The international, multi-center, randomized Phase 3 study (NCT02730299) is designed to evaluate the safety and efficacy of omidubicel compared to standard umbilical cord blood in patients with high-risk hematologic malignancies who need a bone marrow transplant and do not have an available matched donor. The primary endpoint is time to neutrophil engraftment. The study includes approximately 120 patients aged 12-65 with acute lymphoblastic leukemia, acute myelogenous leukemia, chronic myelogenous leukemia, myelodysplastic syndrome or lymphoma. The study is taking place at over 50 clinical centers in the U.S., Latin America, Europe and Asia.

About Omidubicel
Omidubicel (formerly known as NiCord), the company’s lead clinical program, is an advanced cell therapy under development as a potential life-saving allogeneic hematopoietic stem cell (bone marrow) transplant solution for patients with hematologic malignancies (blood cancers).

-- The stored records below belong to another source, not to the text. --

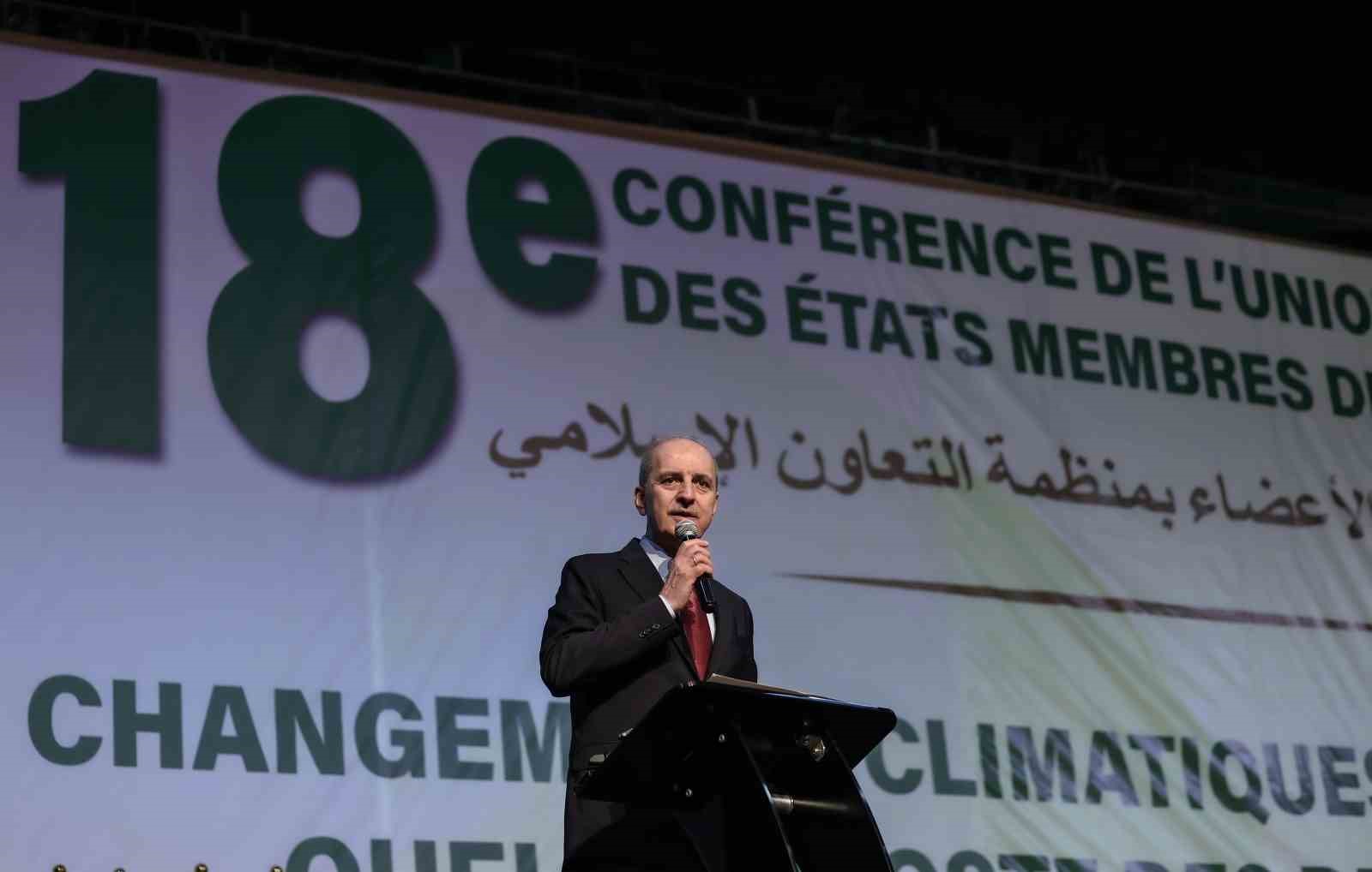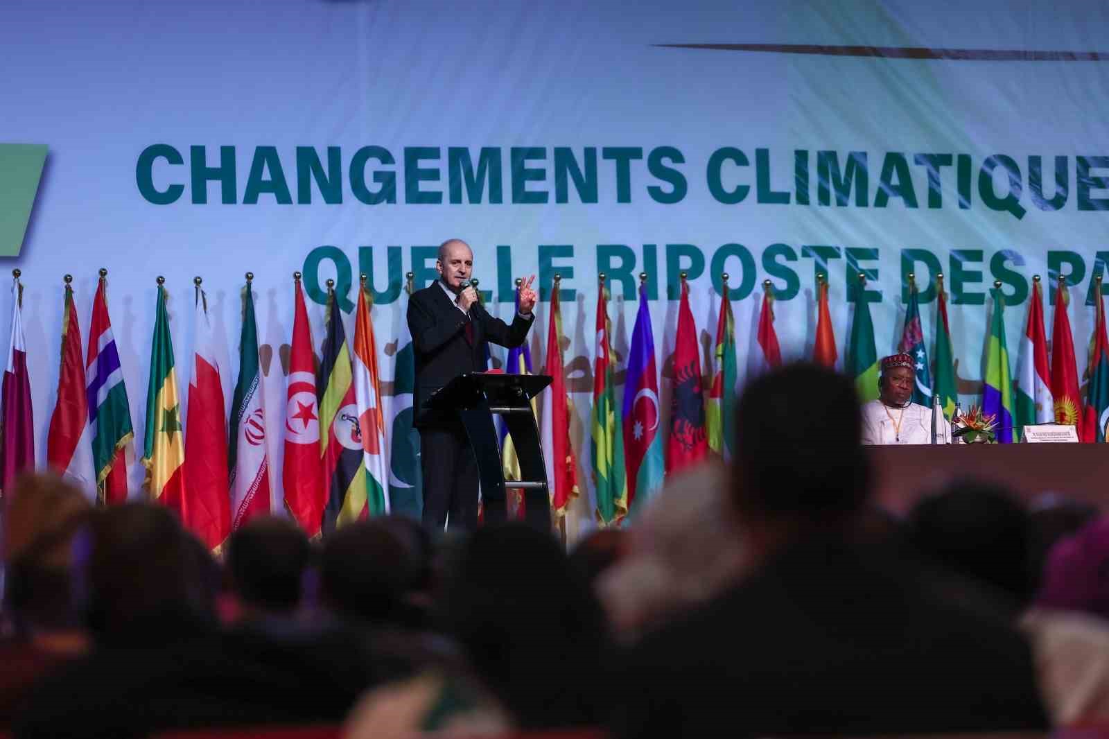 TBMM Başkanı Numan Kurtulmuş, Fildişi Sahili’nin Abidjan şehrinde düzenlenen İslam İşbirliği Parlamenter Asamblesi (İSİPAB) 18’inci Konferansı’na katıldı. Kurtulmuş, konferansta yaptığı konuşmada sözlerine Fildişi Sahili Meclis Başkanlığına İSİPAB Dönem Başkanlığı dönemlerinde başarılar dileyerek başladı. Konferansın iklim değişikliğiyle mücadele temasıyla düzenlendiğini hatırlatan Kurtulmuş, yıllardır iklim değişikliyle ilgili uluslararası alanda çok sayıda toplantının yapıldığını ve bu toplantılarda iklim değişikliğinin sadece bir sonuç olarak ele alındığını belirtti. İklim değişikliğinin arkasındaki nedenlerin fazla konuşulmadığını ifade eden Kurtulmuş, iklim değişikliğinin temel nedeninin dünyaya uzun süredir hakim olan modern düşüncenin dünyadaki bütün imkanları sömürmek ve onun üzerinden kar elde etme hırsının olduğunu söyledi.
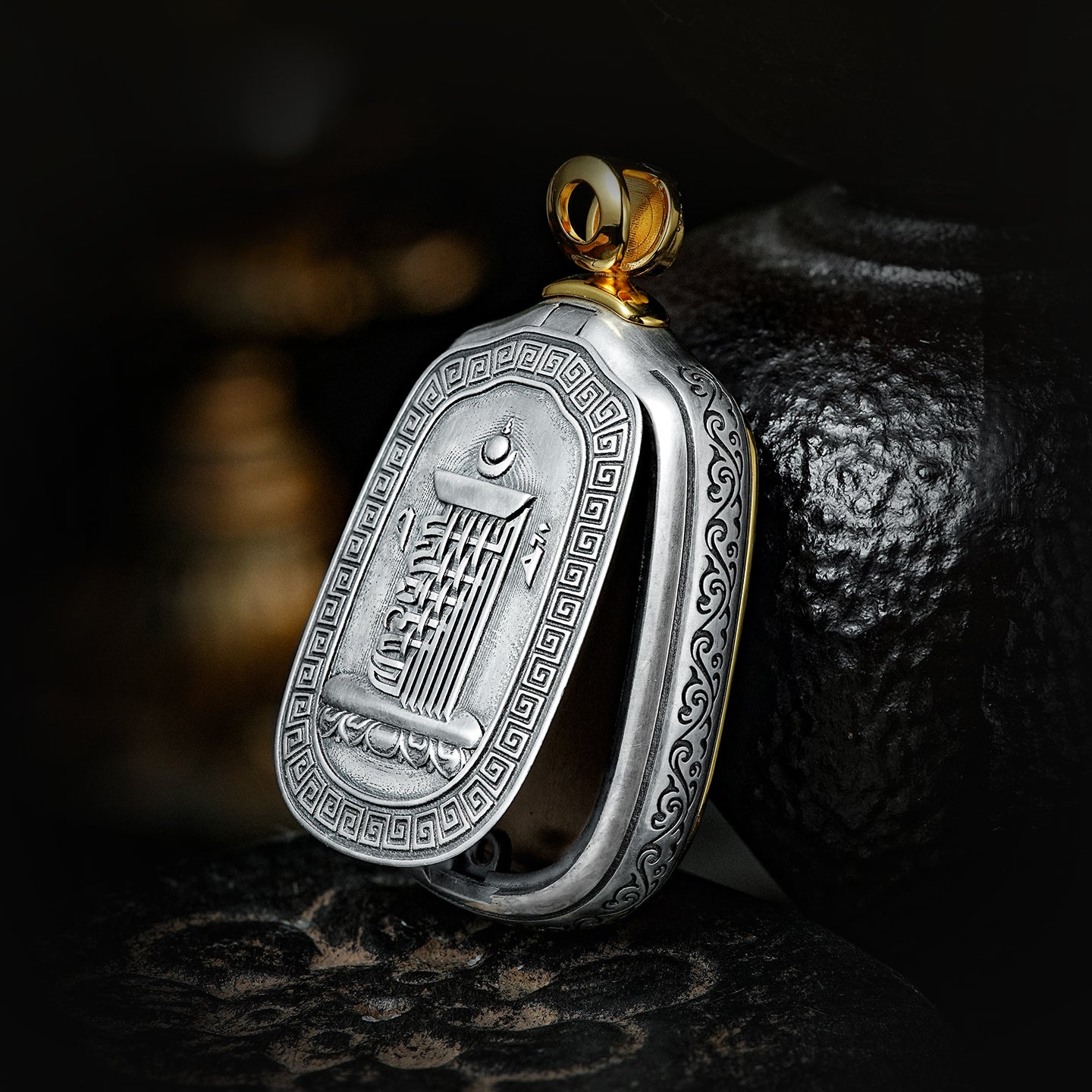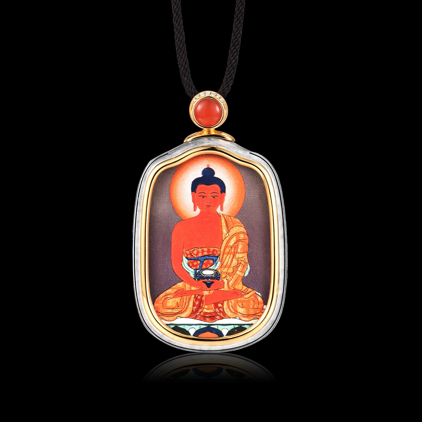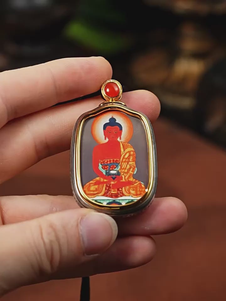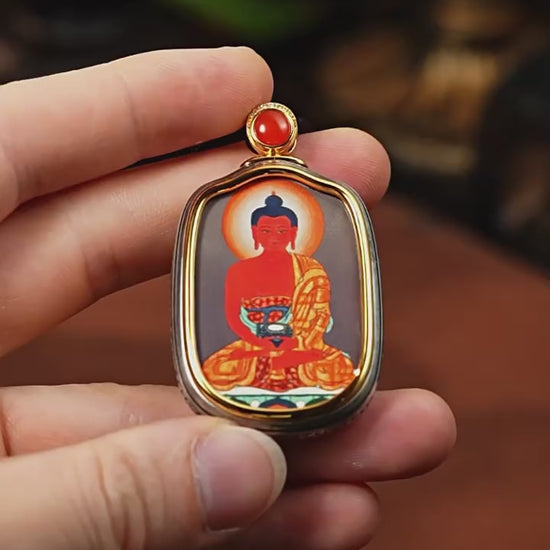 阿彌陀佛(Amitabha),意爲"無量光"、"無量壽",爲西方極樂世界教主。在藏傳佛教中,其淨土信仰深植人心,唐卡作爲移動的壇城,更是將佛國淨土濃縮於方寸之間的修行聖物。此吊墜將千年唐卡繪製儀軌與金工技藝相融,讓佛法智慧可隨身佩戴,時刻觀想。
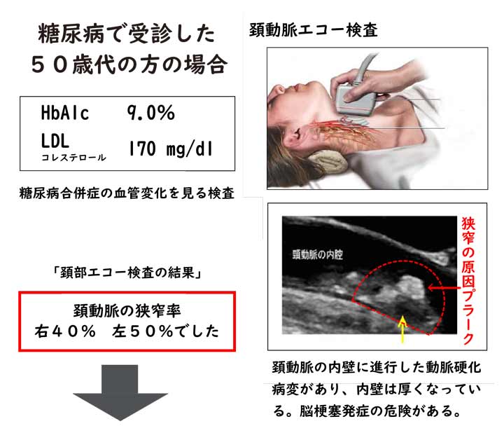 糖尿病患者さんの大血管症を「早期に発見」するために頚部エコー検査をしています!!
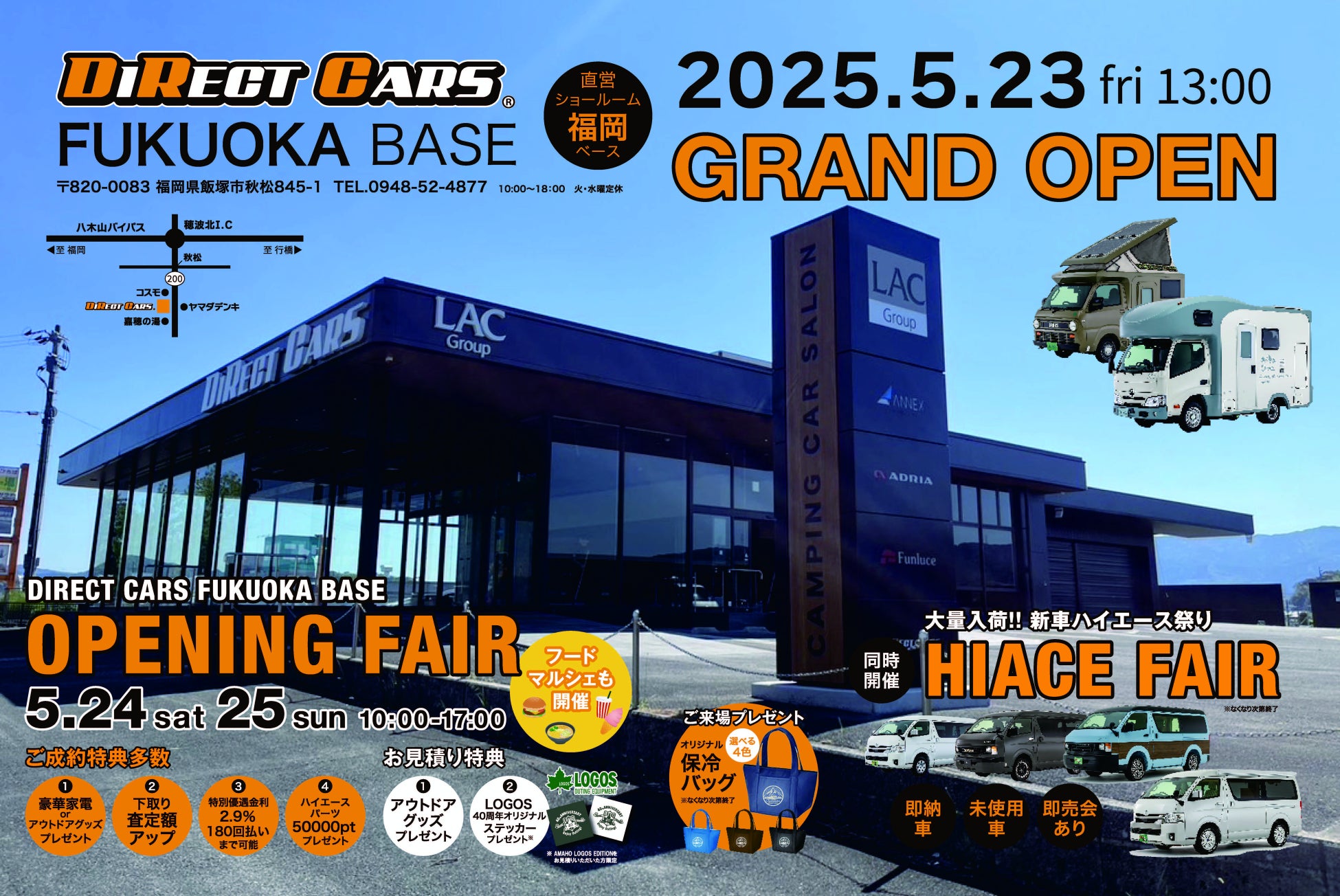 キャンピングカーメーカー「ダイレクトカーズ」(本社:三重県鈴鹿市、代表取締役:百田雅人)は、2025年5月23日(金)に、九州エリアで初となるショールームをグランドオープンいたします。これまで鈴鹿や厚木で展開してきた大型ショールームのノウハウを活かし、2700平方メートルの敷地と900平方メートルの建物を活用した、体験型のショールームとして九州に初進出。多彩なキャンピングカーの展示はもちろん、初めての方でも気軽に立ち寄れる店舗として、キャンピングカーのある暮らしをより身近に感じていただける場所を目指します。
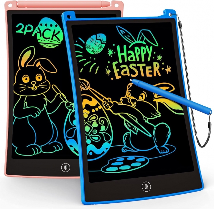 Amazon offers KOKODI 2 Pack LCD Writing Tablet for Kids, 8.5 Inch Colorful Doodle Board, Car Trip Travel Games Learning Toys, Erasable Drawing Pad, Birthday Gifts for Boys Girls Age 3 4 5 6 7 8(Blue & Pink) for + free shipping with Prime. Product Description:- 8.5 Inch Colorful Lcd writing Tablet: You can write on the LCD with stylus or anything else that creates pressure. As sleek as writing on paper. You can draw a very thin line and a thicker line to make things look different. With erase button on the front and lock switch. You can draw and erase easily by pressing the button on the front of the board. The pen fits snug on top of tablet and it will not come loose.
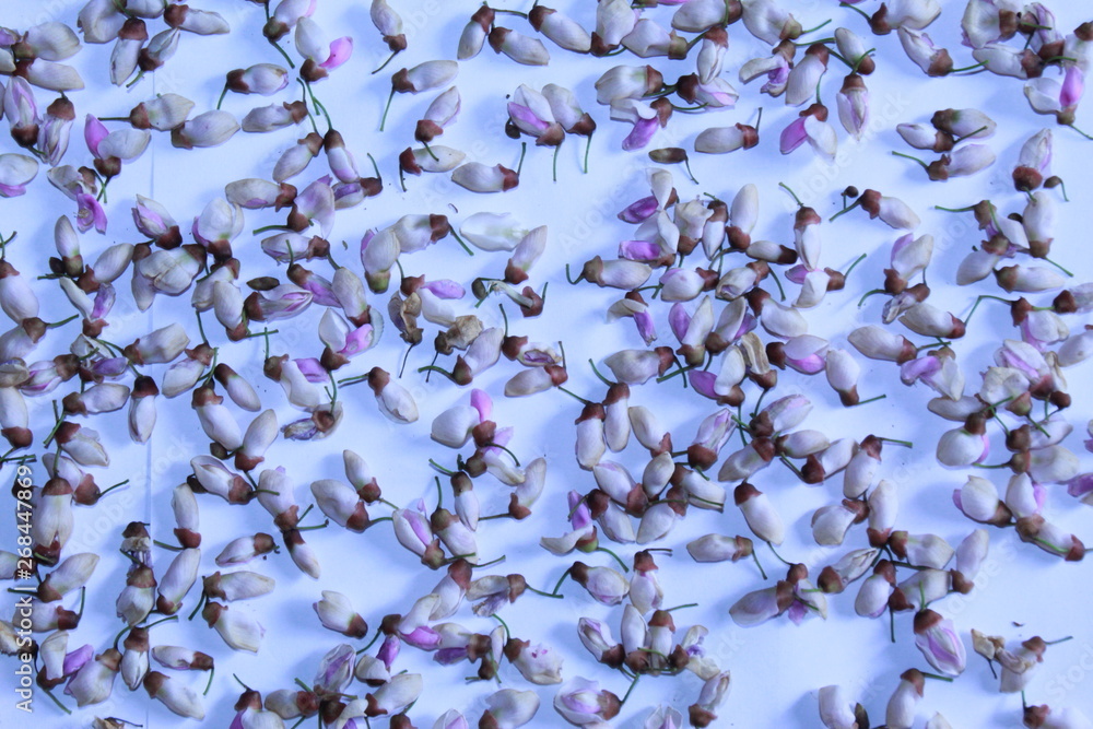 White purple and pink flowers of Millettia pinnata.floral pattern, white background

Omidubicel is the first bone marrow transplant product to receive Breakthrough Therapy Designation from the U.S. Food and Drug Administration and has also received Orphan Drug Designation in the U.S. and EU. In a Phase 1/2 clinical study, omidubicel demonstrated rapid and durable time to engraftment and was generally well tolerated.3 A Phase 3 study evaluating omidubicel in patients with leukemia and lymphoma is ongoing in the U.S., Latin America, Europe and Asia.4 Omidubicel is also being evaluated in a Phase 1/2 clinical study in patients with severe aplastic anemia.5 The aplastic anemia investigational new drug application is currently filed with the FDA under the brand name CordIn, which is the same investigational development candidate as omidubicel. For more information on clinical trials of omidubicel, please visit www.clinicaltrials.gov.

Omidubicel is an investigational therapy, and its safety and efficacy have not been evaluated by the U.S. Food and Drug Administration or any other health authority.